Standing in her black silk underwear, surrounded by a crowd of onlookers and journalists, she gave a press conference to denounce the studio and urge people not to see its new film, So Ends Our Night (1940), a wartime melodrama from which the one scene that she appeared in had been cut. "My scene was the sexiest in their motion picture. I was the girl who lived for love, and I proved it to Fredric March. I gave my everything to that picture, and they cut me out. It was the first big part I ever had in a picture -- and blooey. They didn't ruin me, they threw me away. That is no way to treat a girl."(5)

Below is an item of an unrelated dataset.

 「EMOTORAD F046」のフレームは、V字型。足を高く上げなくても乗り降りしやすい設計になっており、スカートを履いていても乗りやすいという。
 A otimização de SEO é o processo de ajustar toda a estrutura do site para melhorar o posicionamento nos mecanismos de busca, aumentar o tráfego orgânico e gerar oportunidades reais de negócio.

The crowd cheered, and the humiliated producers rushed out of the building, threw an overcoat over her shoulders and hustled her inside for negotiations.
It was bunk, of course, but most newspapers were happy to simply print the story and give So Ends Our Night priceless front-page publicity in return for a reasonable excuse to print pictures of a half-naked lady. A syndicated gossip columnist called Paul Harrison smelled a story, however, and followed Gerta and the producers inside, where he witnessed their negotiations. “They played it straight," he observed. "The actress said the role was important to her career, and that the executives had assured her the part had been admirably played. Mr Lewin said that was true, but they were going to have to chop out a lot because the film was about three hours long. She insisted. He hedged. She threatened to resume her picketing. And he capitulated."(6)

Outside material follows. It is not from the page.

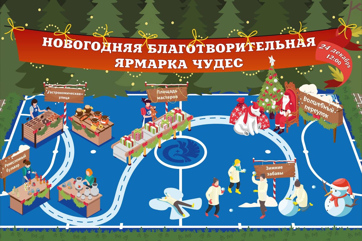 🎄Новогодняя Благотворительная Ярмарка Чудес! 🎅 Друзья, приглашаем вас в волшебное путешествие по самому доброму празднику года! У нас будет не просто ярмарка, а целый город мастеров и волшебников. 💡 Дата и время : 24 декабря 12:00 💙 Место проведения : Спортивный зал Карта нашего Волшебного города: Вся ярмарка — это 5 больших локации, переходя от одной к другой, вы сможете творить, пробовать, играть. 🍪 ГАСТРОНОМИЧЕСКАЯ УЛИЦА Тут пахнет мандаринами, имбирным печеньем и горячим чаем! 🧤 РЕМЕСЛЕННЫЙ БУЛЬВАР Здесь живут мастера, которые дружат с кисточками, бисером, деревом и нитками! 🏡 ПЛОЩАДЬ МАСТЕРОВ Мастер-классы по созданию новогодних украшений, игрушек, открыток и других изделий. 🎇ВОЛШЕБНЫЙ ПЕРЕУЛОК Предсказания на Новый год, лотерея, праздничные фото, живая музыка. ☺ ЗИМНИЕ ЗАБАВЫ Самая активная и веселая станция здесь. Веселые старты для всей семьи. 🎄 А как же здесь всё купить? На нашей ярмарке ходят не обычные рубли, а особенные новогодние волшебные деньги — КВАНТы

Gerta’s scene was reinstated (if it was ever really cut), and here she is, the girl who lived for love:
She sidles up to Fredric March suggestively. She knows she can have him -- she's obviously had him before -- but, tonight, he’s too busy dwelling on the awfulness of life to notice her, so she turns the light off and removes her sweater. March is appalled at her inappropriate behaviour – can’t she see he’s brooding?
He storms off into the night, ending a scene that, not to be unfair to Gerta, the audience could have lived without.
After witnessing Gerta's “negotiations” with the producers, Harrison hung around while she got dressed and then took her aside to interview her for his column. She told Harrison how she loved acting so much she’d run away from home. She told him how she’d laughed in Hitler’s face, how she’d mocked Nazi storm troopers and how, when she’d fled Germany, she’d been determined to make it to Hollywood because what she’d told those soldiers was true: she really had always wanted to be in pictures.
It was obvious that the striptease picket had been a set-up, but Harrison was rather taken with Gerta: "her eyes are large and blue ... her generous mouth is made for smiling [and] her face can mirror a lot of emotion." His overall impression? "Miss Rozan has spunk," he wrote. "And a sense of humor. She also has what it takes to fill out a set of silk scanties". Physical attributes aside, he concluded: "I guess she's a pretty good actress."
Perhaps she was; we have no way of knowing. Not long after her appearance as a corpse in The Panther’s Claw, she quit Hollywood and headed for the east coast. Around the end of the 1940s, she appeared in a supporting role in a Broadway play that closed in under a week, and that’s the last trace of her before she dropped out of sight altogether.
Sources -- (1)All early biographical information from Paul Harrison's column in Hope Star, AS, Dec 4, 1940; (2) and (3)Winnipeg Free Press, Nov 28 1940; (4)Las Cruces Sun-News, Dec 2, 1940; (5)Zanesville Signal, Nov 28, 1940; (6)Hope Star, AS, Dec 4, 1940.